Living things are stupendously complicated, and when we make robots (even bio-inspired robots), we mostly just try and do the best we can to match the functionality of animals, rather than the details of their structure. One exception to this is hydraulic robots, which operate on the same principle as spiders do, by pumping pressurized fluid around to move limbs. This is more of a side effect than actual bio-inspiration, though, as spiders still beat robots in that they use their blood as both a hydraulic fluid and to do everything else that blood does, like transporting nutrients and oxygen where it’s needed.
In a paper published in Nature this week, researchers from Cornell and the University of Pennsylvania are presenting a robotic fish that uses synthetic blood pumped through an artificial circulatory system to provide both hydraulic power for muscles and a distributed source of electrical power. The system they came up with "combines the functions of hydraulic force transmission, actuation and energy storage into a single integrated design that geometrically increases the energy density of the robot to enable operation for long durations," which sounds bloody amazing, doesn’t it?

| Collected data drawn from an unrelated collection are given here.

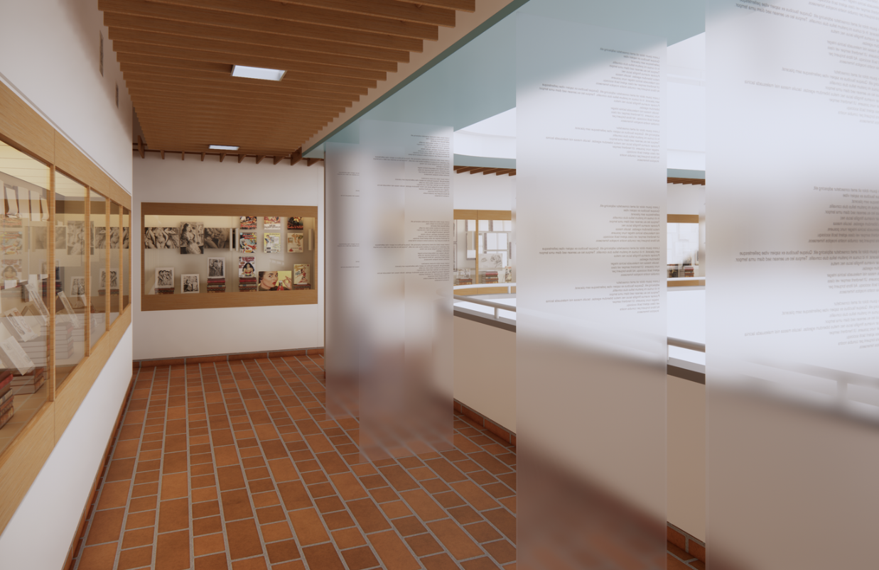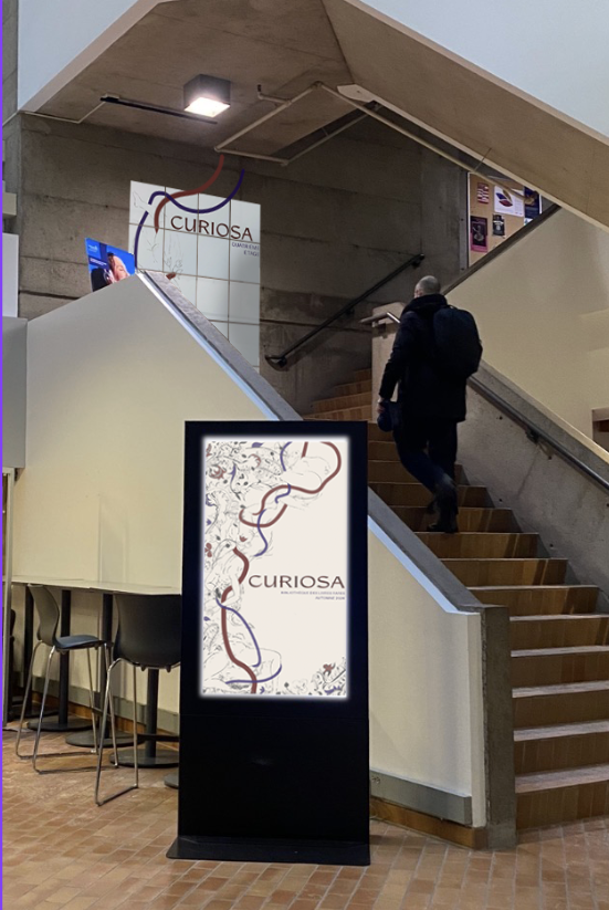 J’ai été responsable de créer l’identité visuelle de l’exposition, que j’ai ensuite appliquée à une publicité sur panneau digital, à un mur de miroirs qui sera placé au premier étage de la bibliothèque pour attirer l’attention des visiteurs, et à un message affiché sur écran digital à l’entrée de l’exposition.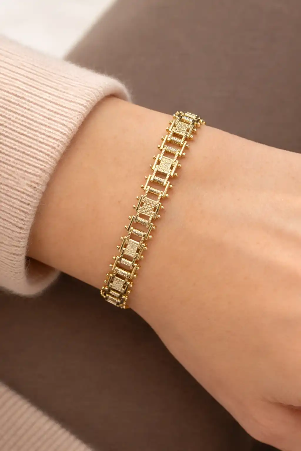 Altın Renk Taş Detaylı Çelik Xupıng VİP Bileklik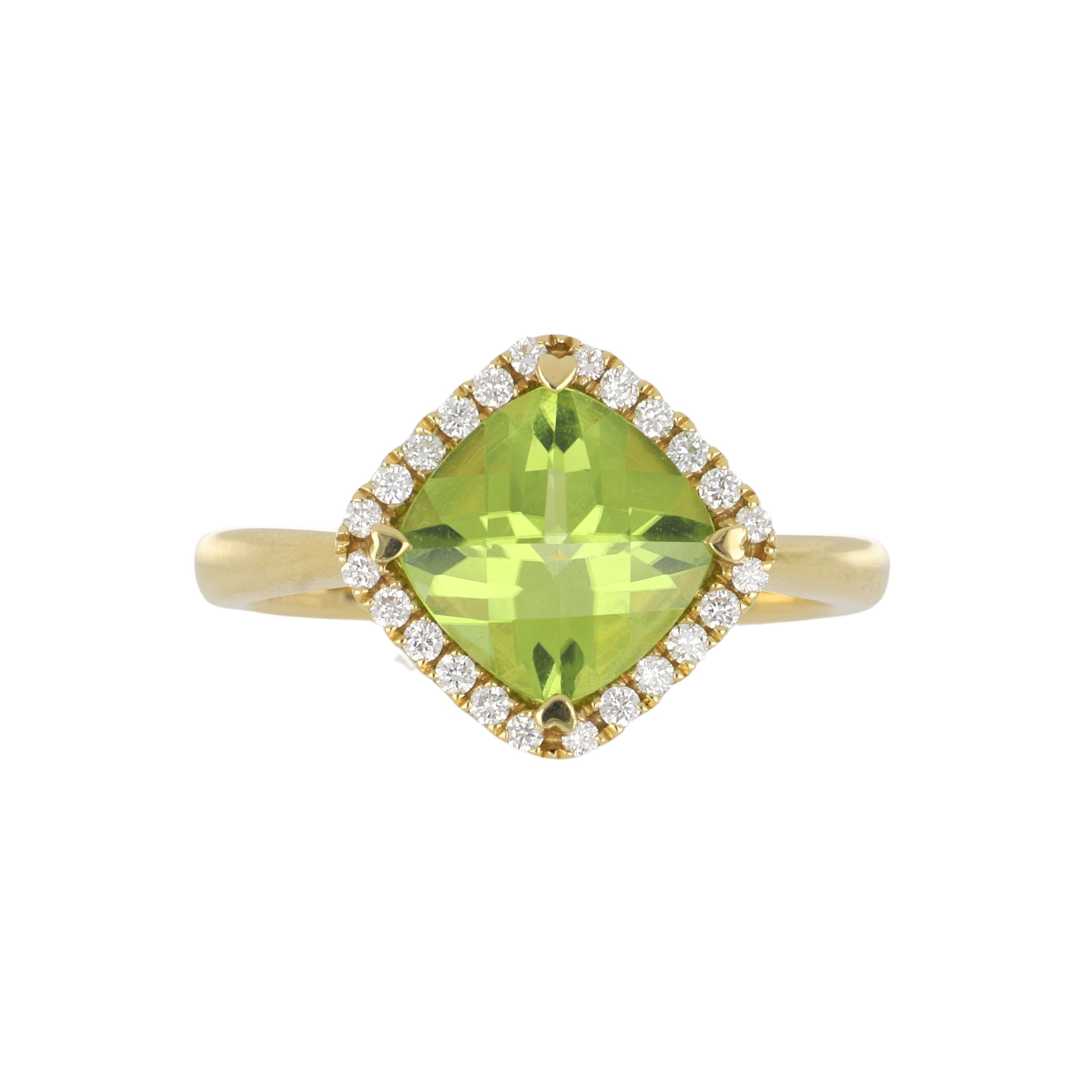 A Lisa Nik 'Rocks' collection ring featuring a cushion-shaped peridot with a round brilliant-cut diamond halo, set in 18K yellow gold.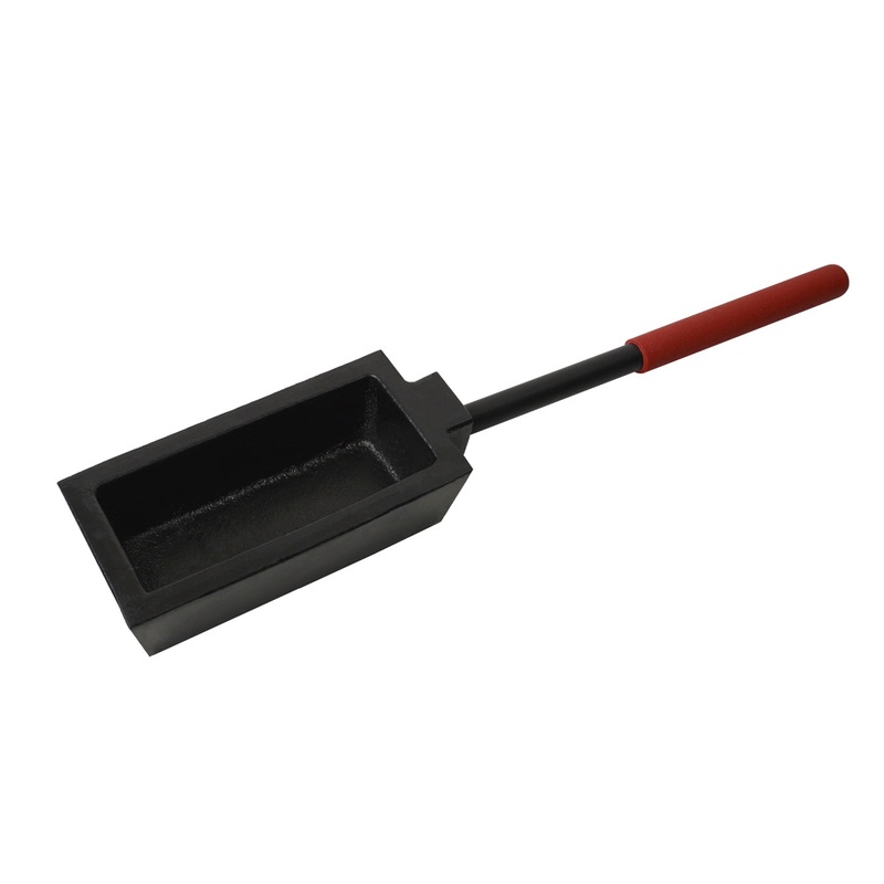 275 T. oz Open Cast Iron Ingot Mold w/ Long HandleA high-quality cast iron mold that is designed with a slight taper for easy ingot removal, plus a handle for easy use while casting gold, copper, brass, silver, aluminum, and other metals. Please note that

This fish isn’t going to win any sprints, but it’s got impressive endurance, with a maximum theoretical operating time of over 36 hours while swimming at 1.5 body lengths per, uh, minute. The key to this is in the fish’s blood, which (in addition to providing hydraulic power to soft actuators) serves as one half of a redox flow battery. The blood is a liquid triiodide cathode, which circulates past zinc cells submerged in an electrolyte. As the zinc oxidizes, it releases electrons, which power the fish’s microcontroller and pumps. The theoretical energy density of this power system is 322 watt-hours per liter, or about half of the 676 watt-hours per liter that you’ll find in the kind of lithium-ion batteries that power a Tesla.